Faithfully repeat each entry below, minus the pictures.

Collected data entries
-------------------------
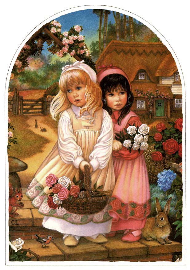 她们俩姊妹情深,常一起出去,总是手拉着手。白雪总是说:“我们不要分开。”红玫则说:“只要我们活着,就不会分开。”然后母亲会加上一句:“有福同享,有难同担。”
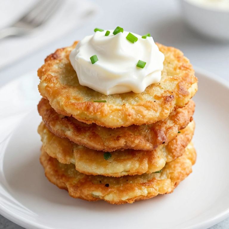 Golden fritters stacked four high on a white plate, topped with a dollop of creamy sour cream and garnished with fresh chives, ready to be savored.
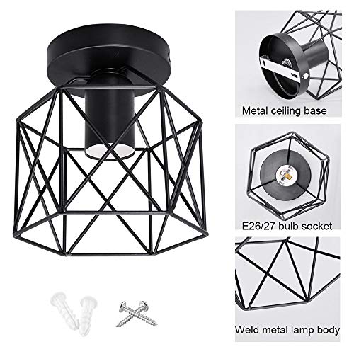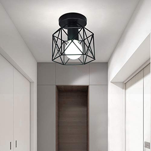 Artpad Vintage Loft Gabbia di ferro nero Lampada da soffitto a led 5W Lampada da soffitto a LED nordica bianca per cucina Camera da letto Balcone Corridoio Bar E27 Plafoniera geometrica
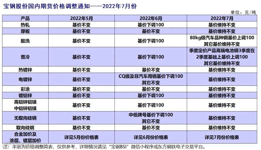 宝钢股份2022年7月价格发布
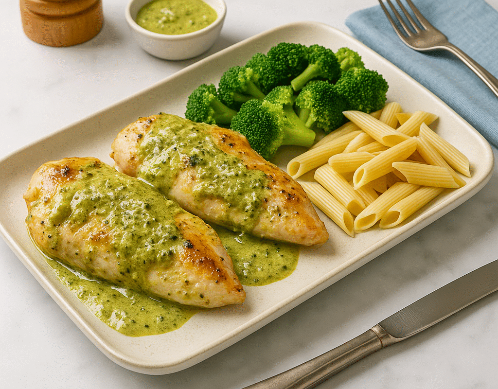 Juicy seared chicken breasts simmered in a velvety pesto cream sauce—simple, fresh, and ready in minutes. Perfect for busy weeknights, meal prep, or pairing with pasta, veggies, or grains.
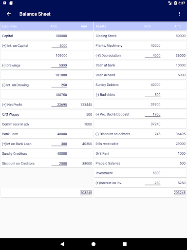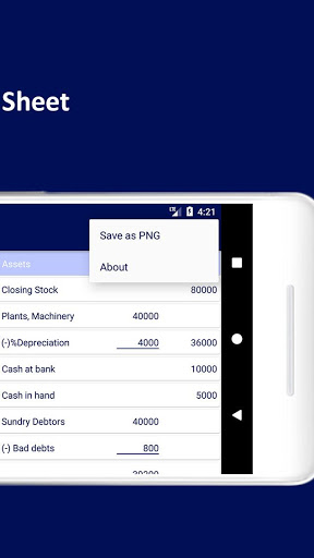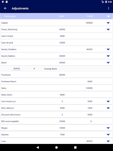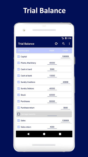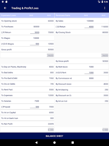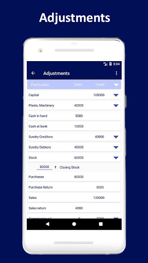 Final Accounts is an app which is capable of creating Trading and Profit/Loss Account and Balance Sheet automatically with Trail Balance and Adjustments. Its simple user interface allows you to enter Credit and Debit amount in Trial Balance. If total Debit and Credit amount are matched it will get highlighted. Next, enter Adjustments amount by tapping on down arrow. Now your work is done, tap on Trading & Profit/Loss and Balance Sheet for your result.
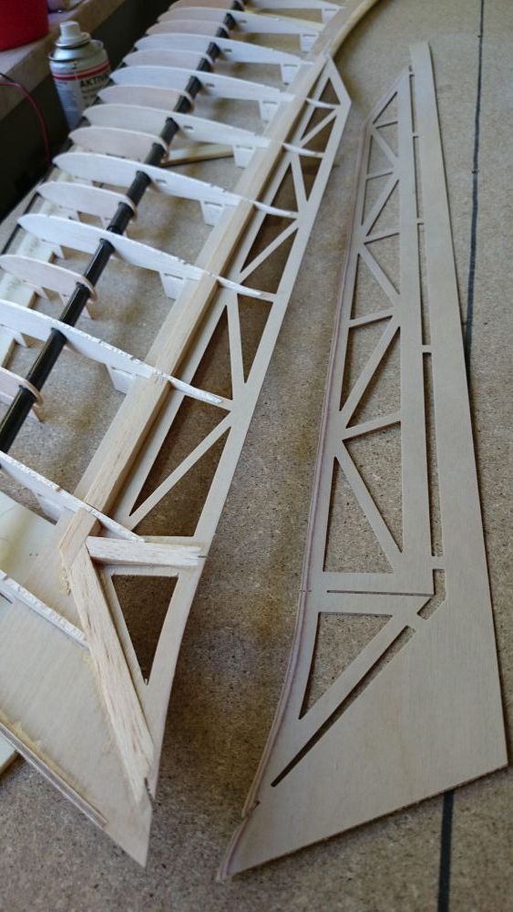Winglets mit Rippen in 1mm Sperrholz sowie Wingletfussfüllstücke und Bremsklappen aus 3mm Balsa
-------------------------
**Result**.
 她们俩姊妹情深,常一起出去,总是手拉着手。白雪总是说:“我们不要分开。”红玫则说:“只要我们活着,就不会分开。”然后母亲会加上一句:“有福同享,有难同担。”
 Golden fritters stacked four high on a white plate, topped with a dollop of creamy sour cream and garnished with fresh chives, ready to be savored.
 Artpad Vintage Loft Gabbia di ferro nero Lampada da soffitto a led 5W Lampada da soffitto a LED nordica bianca per cucina Camera da letto Balcone Corridoio Bar E27 Plafoniera geometrica
 宝钢股份2022年7月价格发布
 Juicy seared chicken breasts simmered in a velvety pesto cream sauce—simple, fresh, and ready in minutes. Perfect for busy weeknights, meal prep, or pairing with pasta, veggies, or grains.
 Final Accounts is an app which is capable of creating Trading and Profit/Loss Account and Balance Sheet automatically with Trail Balance and Adjustments. Its simple user interface allows you to enter Credit and Debit amount in Trial Balance. If total Debit and Credit amount are matched it will get highlighted. Next, enter Adjustments amount by tapping on down arrow. Now your work is done, tap on Trading & Profit/Loss and Balance Sheet for your result.
Winglets mit Rippen in 1mm Sperrholz sowie Wingletfussfüllstücke und Bremsklappen aus 3mm Balsa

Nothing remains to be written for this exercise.